Stage1: LibriSpeech 960h (Top-4 Encoder + CTC + Speaker Kernel)
Speech-LLM checkpoint for ASR alignment, trained on LibriSpeech 960h with CTC auxiliary loss and SortFormer-based speaker kernel.
Architecture
| Component | Model | Parameters |
|---|---|---|
| Encoder | nvidia/parakeet-ctc-0.6b (FastConformer CTC) |
600M |
| Projector | Conv1d + Transformer (1024 → 896, stride=2) | trainable |
| LLM | Qwen/Qwen2.5-0.5B |
500M |
- Freeze strategy:
projector_and_encoder_top— projector fully trainable, top-4 encoder layers unfrozen - CTC auxiliary loss: λ=0.3
- Speaker kernel: SortFormer-based speaker activity injected into encoder
Training Data
| Dataset | Samples | Description |
|---|---|---|
| LibriSpeech 960h | ~276k | Read English speech (standard ASR benchmark) |
Training Configuration
- Optimizer: AdamW (lr=5e-5, weight_decay=0.01)

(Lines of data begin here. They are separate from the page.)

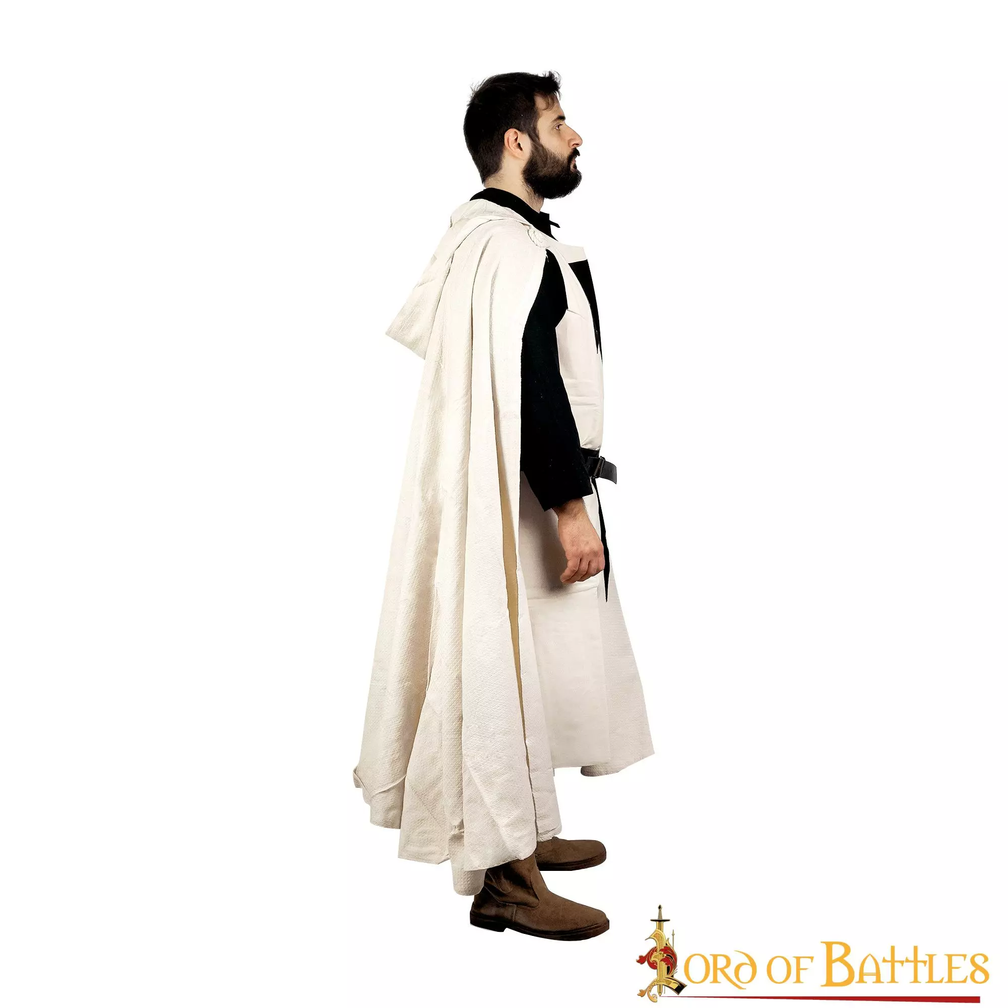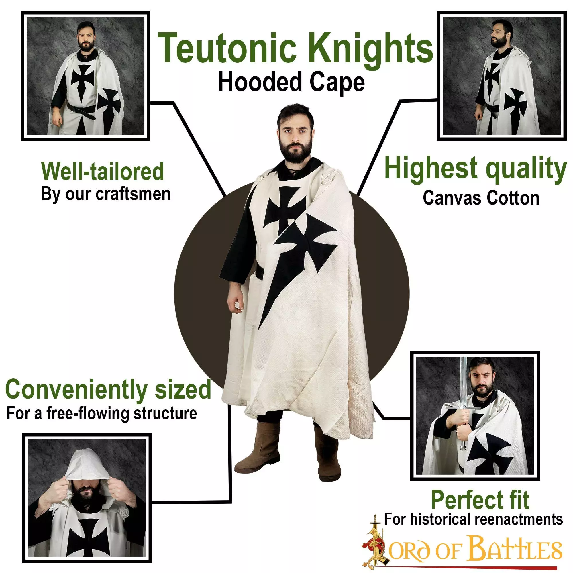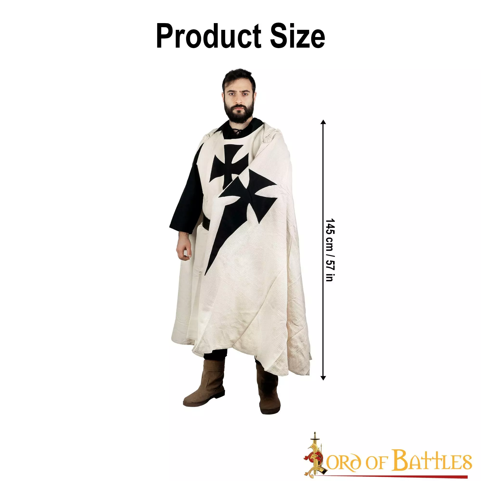Esta capa histórica está HECHA A MANO de ALGODÓN CANVAS robusto y puede durar años, evento tras evento. La preciosa cruz oscura está muy bien aplicada a la capa. La longitud total de esta capa es de aproximadamente 145 cm, lo que le confiere una estructura fluida y elegante.
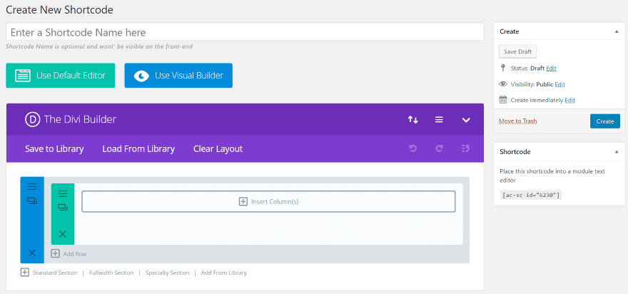 This takes you to an editor where you can choose to build with the Divi Builder. The shortcode is provided on the right. You can copy and paste this into the content of another module. Simply create a layout using the Divi Builder and click Create to save it.
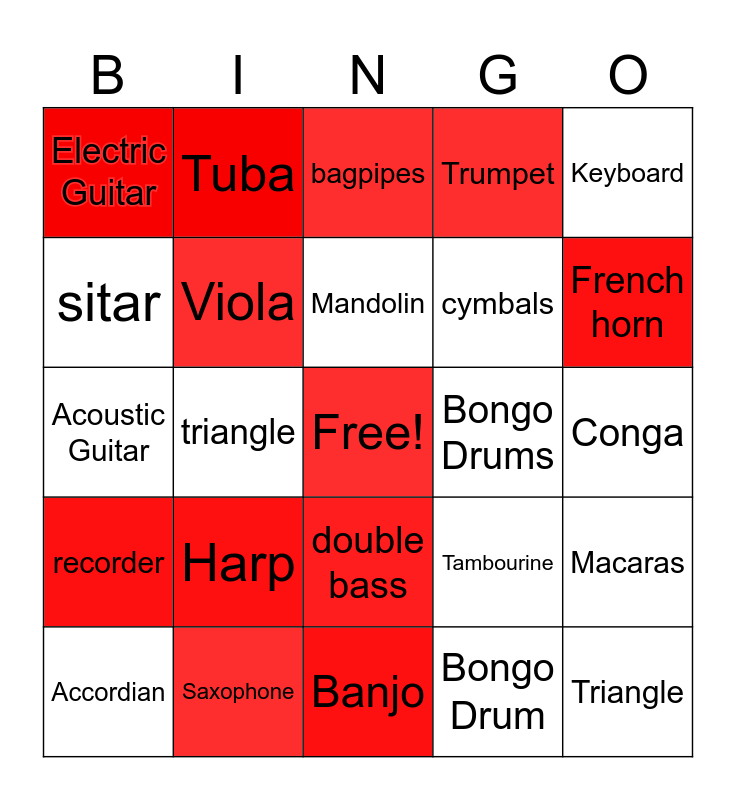 This bingo card has a free space and 24 words: Accordian, Harp, Mandolin, Bongo Drum, Keyboard, Electric Guitar, Tuba, bagpipes, Bongo Drums, Conga, Acoustic Guitar, Viola, Tambourine, Macaras, sitar, Saxophone, Banjo, Trumpet, French horn, recorder, triangle, double bass, cymbals and Triangle.
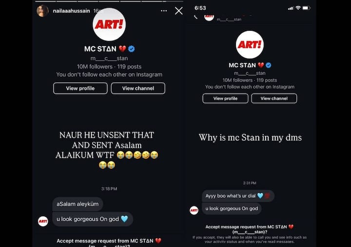 Another influencer named Naila Hussain had made a similar claim against MC Stan. She shared a screenshot of a message by rapper 'Asalam aleykum u look gorgeous Oh god.
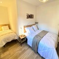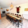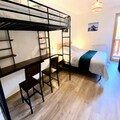 The apartment is equipped with a semi-open kitchen, including essential appliances like a fridge, oven, and stovetop, as well as a dining table with seating for four. Additional amenities include a television with on-demand video services and Wi-Fi (for an extra charge). Guests also benefit from included bed linens, towels, and end-of-stay cleaning.

- Scheduler: warmup (2000 steps) + cosine decay (min_lr=1e-6)
- Effective batch size: 512 (8 GPUs × batch_size=16 × grad_accum=4)
- Total steps: 100,000 (trained to ~40,000)
- DeepSpeed ZeRO-2, AMP bfloat16
- Gradient clipping: 5.0
- Dynamic batching: max_frames_in_batch=400,000
Usage
import torch
checkpoint = torch.load("final.pt", map_location="cpu")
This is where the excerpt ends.